Wanting to know how other things worked – crime, politics, business – and knowing how much he needed to learn about the basics of journalism, Morse sought a reporting position at more than 50 newspapers. Exactly one of them offered him a job, The Alabama Journal, an afternoon daily in Montgomery, Ala., where Morse settled in as a cops reporter. He moved on to that city’s morning paper, The Advertiser, covering state politics and becoming a Pulitzer Prize finalist for a series of stories on the Southern Poverty Law Center. From there, he moved to The Baltimore Sun, The Wall Street Journal, and, in 2005, The Washington Post. (Some of his favorite stories, and the most interesting people he has met, can be found on a story archive site. All of his current stories can be found on this Washington Post page.)
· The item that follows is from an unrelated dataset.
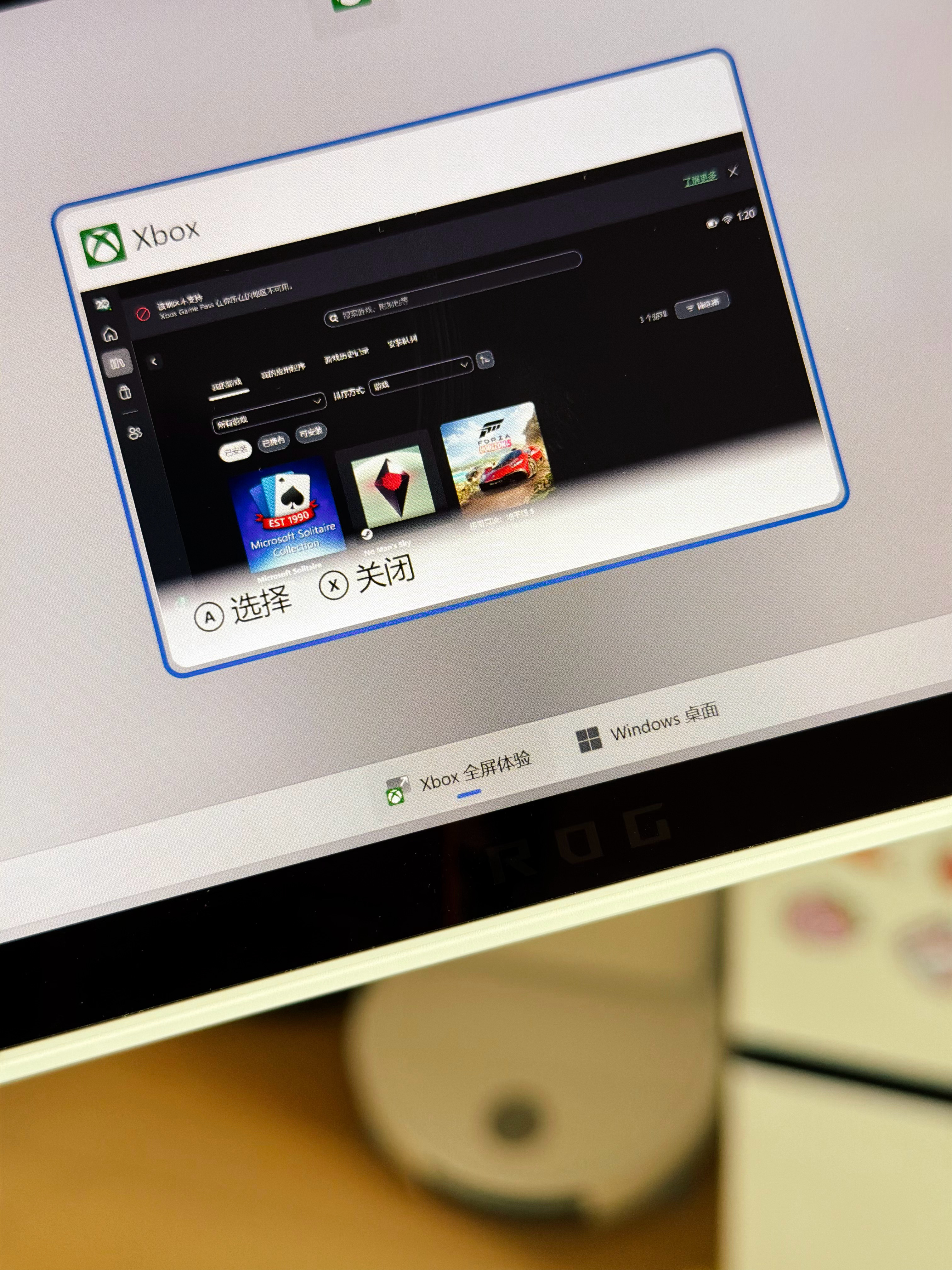 最近在玩 ROG XBOX ALLY,这游戏机手感是很好,我觉得可能是手感最好的游戏掌机了吧。大手柄握起来贼舒服,就好像在拿着 XBOX 手柄一样,比 Switch 高明太多了但是机器性能也是真弱,玩起来卡卡的,甚至设置界面都感觉反应慢半拍。除了 XBOX 桌面,甚至还能进到 Windows 桌面,连个鼠标键盘能当个小主机用性能要是再强点就好了~~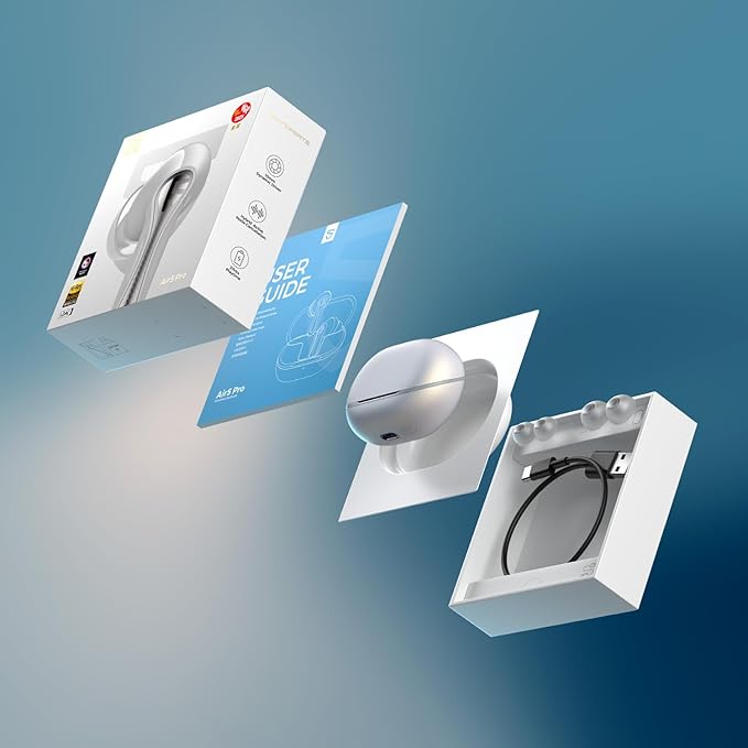 - 【Adaptive AI Hybrid Active Noise Cancelling up to 55dB】Premium noise cancelling powered by adaptive SOUNDPEATS Air5 Pro ANC noise cancelling earbuds. Whether on a noisy plane or the street, enjoy immersive audio, all while the noise-canceling earbuds adapt to ensure maximum comfort and optimal noise reduction.

On a Saturday morning, March 12, 2011, Morse learned that a possible murder victim had been found inside a high-end yoga store in downtown, Bethesda. He drove to the store, covered the story for the Post for the next year, and, in 2012, signed a contract with Berkley Books to write an account of the case. The more he learned, the more the story expanded from one about a gruesome crime one about the absorbing and suddenly intertwined lives of a remarkable cast of characters. The Yoga Store Murder, set to be released on Nov. 5, 2013, is his first book.

Morse grew up with four siblings in Urbana, Ill., where his parents still live. He is married to Dana Hedgpeth, a fellow Post reporter. They have a young daughter named C.C.